*MATERIALS PROVIDED*.
--*--

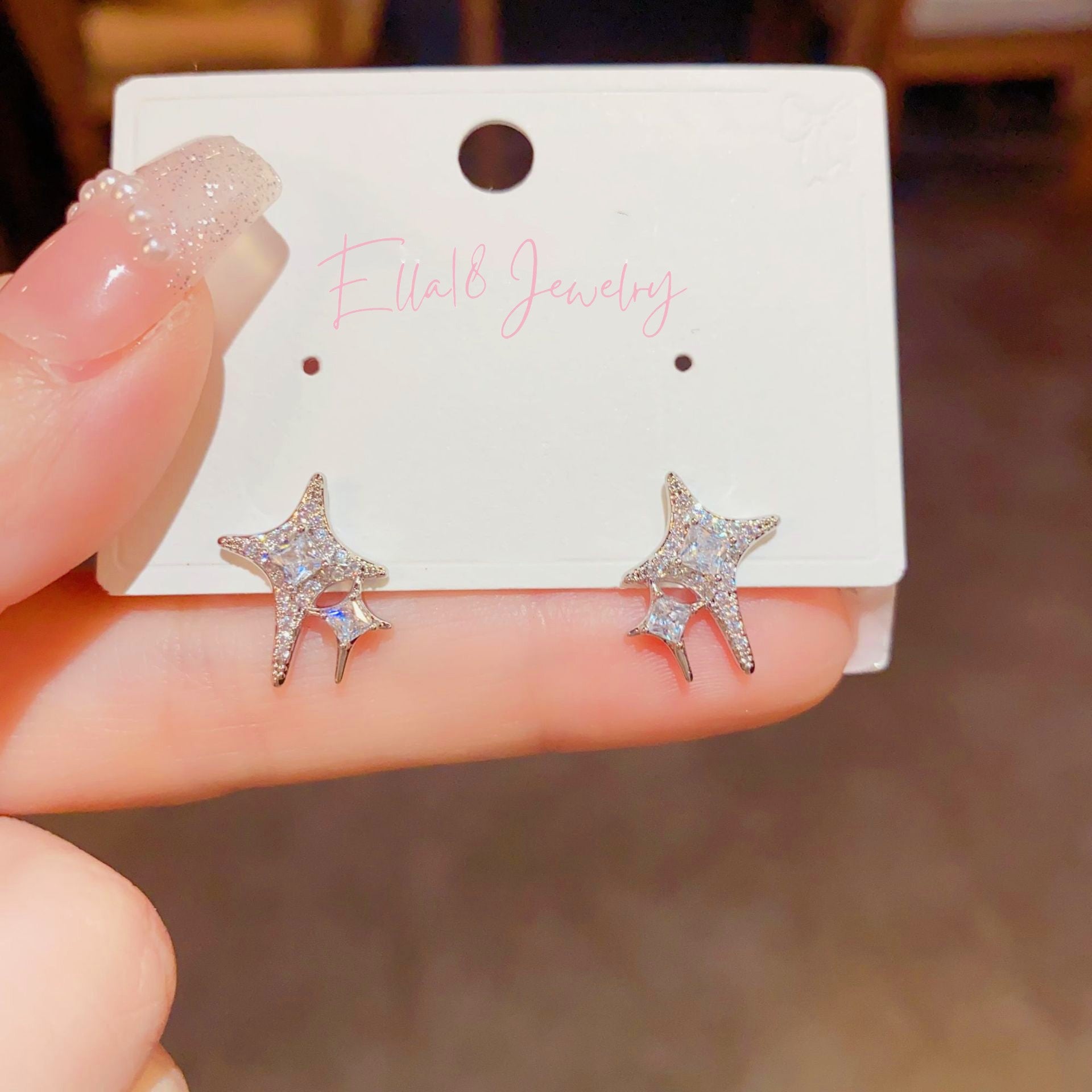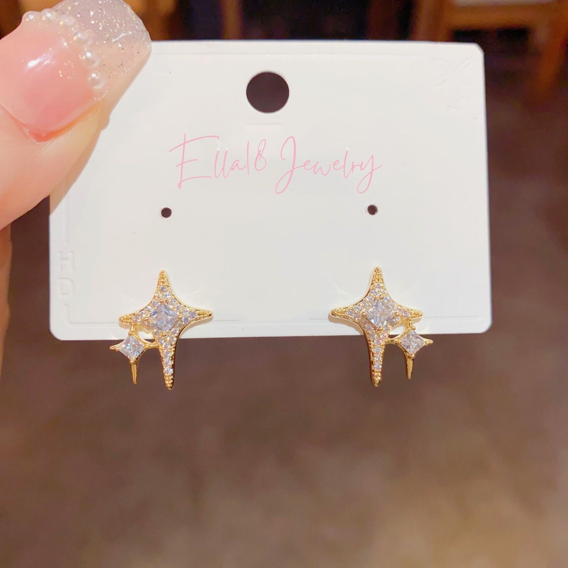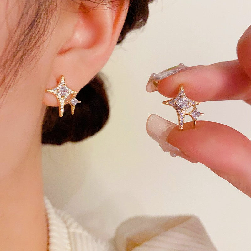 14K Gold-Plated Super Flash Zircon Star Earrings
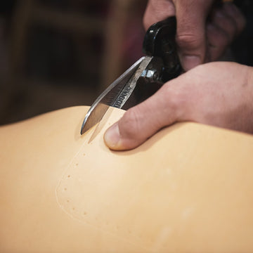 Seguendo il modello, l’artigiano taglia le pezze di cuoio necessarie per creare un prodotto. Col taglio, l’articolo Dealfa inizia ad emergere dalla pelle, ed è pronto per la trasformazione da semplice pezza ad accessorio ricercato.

--*--

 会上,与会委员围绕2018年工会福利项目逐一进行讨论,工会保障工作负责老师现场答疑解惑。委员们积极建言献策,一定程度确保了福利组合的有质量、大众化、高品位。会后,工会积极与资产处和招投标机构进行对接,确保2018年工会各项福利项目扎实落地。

--*--

*WHAT IS EXPECTED*.
An exact copy of the lines above from the one with "14K Gold-Plated Super" up to and including the one with "Seguendo il modello, l’artigiano" is required; reproduce only those lines, omitting all pictures.

*OUTPUT FOR THIS EXERCISE*.
 14K Gold-Plated Super Flash Zircon Star Earrings
 Seguendo il modello, l’artigiano taglia le pezze di cuoio necessarie per creare un prodotto. Col taglio, l’articolo Dealfa inizia ad emergere dalla pelle, ed è pronto per la trasformazione da semplice pezza ad accessorio ricercato.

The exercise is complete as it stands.